Immunology and Ageing
The number of people aged 60 years or older exceeded 635 million in 2002, and is expected to grow to nearly 2 billion by 2050.1 These numbers have great repercussions on the importance of the immune system as it ages. The immune system loses its ability to fight off infections, as an individual grows older. This increases the risk of getting sick, and may make immunizations less effective. The immune system's ability to detect and correct cell defects also declines. Later in life, the immune system seems to become less tolerant of the body's own cells and sometimes an autoimmune disorder develops.2
A marked difference has been observed between young and old subjects in the subpopulations of naive (mature cells, part of the immune system that has not yet had their first encounter) and memory T cells (cells of the immune system, that have already had their first encounter, and thus are more competent to a specific antigen). The elderly have almost no naive T cells at all, since as the thymus (region of the body where T cells mature) progressively deteriorates with age. Consequently, the population of naive T cells becomes depleted and the aged immune system cannot respond as well as a young person to a "new" antigen.3
Aged T cells do not display the CD28 antigen, a molecule critical for signal transduction (cascade of events that lead to proper function) and T cell activation, on the cell surface. Without this protein, T cells remain quiescent and do not respond to foreign pathogens.3
This reduced function of T cells in the elderly also affects B cell function because T cells act in concert with B cells to regulate the production of antibodies.

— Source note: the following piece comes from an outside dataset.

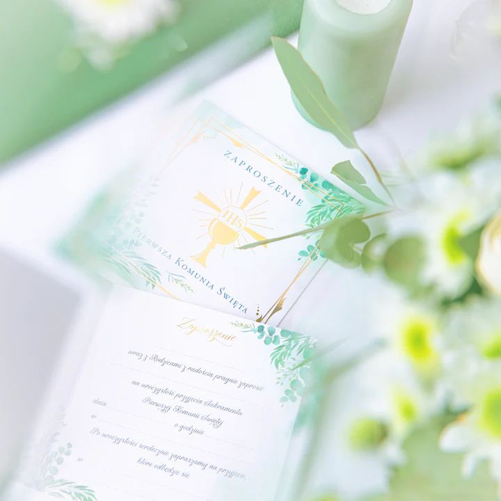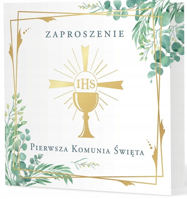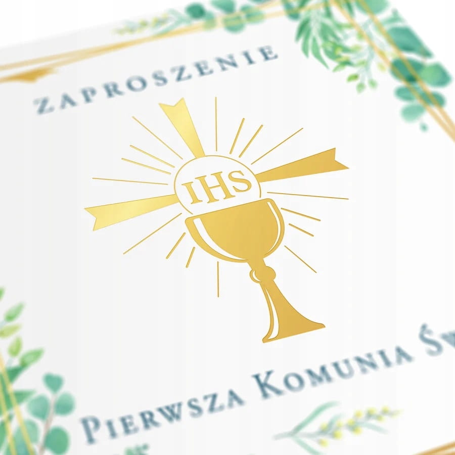 Eleganckie zaproszenie na Pierwszą Komunię Świętą ze złotymi motywami na biało-zielonym tle. Złote elementy - kielich z hostią umieszczony, w przesuniętych względem siebie ramkach, pięknie podkreślają zielone gałązki z listkami o różnych kształtach i subtelne zielone cieniowanie tła.

T cells induce B cells to hypermutate immunoglobulin genes, which in turn create the antibody diversity necessary to recognize a wide range of antigens. Aged helper T cells cannot interact as effectively with B cells, and so in the elderly, the potential antibody repertoire is more restricted than the antibody repertoire of younger people.3
During infection, IgM is the first class of antibodies to respond. The inability to ward off infections could be linked to the diminishing IgM response characteristic of elderly. Ageing B cells show decreased gene expression in the areas of lineage commitment and differentiation, resulting in reduced clonotypic diversity.4 Having fewer mature B cells contributes to the observed decrease in the amount of antibody produced in response to infection. As a repercussion, antibody responses to vaccines are slower and not as strong as in younger people, (vaccine efficacy 17-53% in elderly population).5
Aged T cells are more susceptible to apoptosis, or programmed cell death, due in part to the gradual loss of telomeres that cap the ends of the chromosomes to prevent DNA degradation, thus it seems that T cells have a limited lifespan, and immunosenescence (changes in the immune system associated with age) is genetically programmed.6
Thymic Involution
Thymic epithelial cells constitute the major subcomponent of the thymic stroma that encourages T-cell development but, with age, there is a decrease in the thymic epithelial space with reduced T-cell output. CD8+ as well as CD4+ T-cells have a low count believed to be due to shorter telomeres in older individuals.7 Treatments with IL-7, IL-15, IGF-1, and GH have shown to develop thymopoiesis but not to the point of fully recovering the thymus.8 Regeneration is also observed in the absence of sex hormones, although this was shown by castration or ovariectomy of mice. Thymic transplantation is another alternative in restoring immune function but tissue rejection has to be kept in mind, too, due to the limited tissue transplantation. Even though these treatments are at an early stage, it should be noted that more research in this matter could permit the restoration of the thymus in immuno-impaired individuals.9
When an individual ages, the immune system starts to lose its ability to carry out phagocytosis and chemotaxis, as well as maintain the robust population of leukocytes from earlier years. When examining the effects on lung tissue, as shown in the figure above, Sharma compares the effects of ageing to chronic obstructive pulmonary disease (COPD), and shows how in both there is a rise in CD 4, CD 8 T-cells, and pro-inflammatory cytokines such as IL-6, IL-8 and TNF-α. Physical changes noted in ageing, which parallel COPD include hyperinflation, loss of both lung function and elastic recoil.10
Ageing is affected both genetically and environmentally. Smoking is considered an ageing accelerator both directly, though triggering inflammatory responses, and indirectly through favoring diseases in which smoking is a risk factor.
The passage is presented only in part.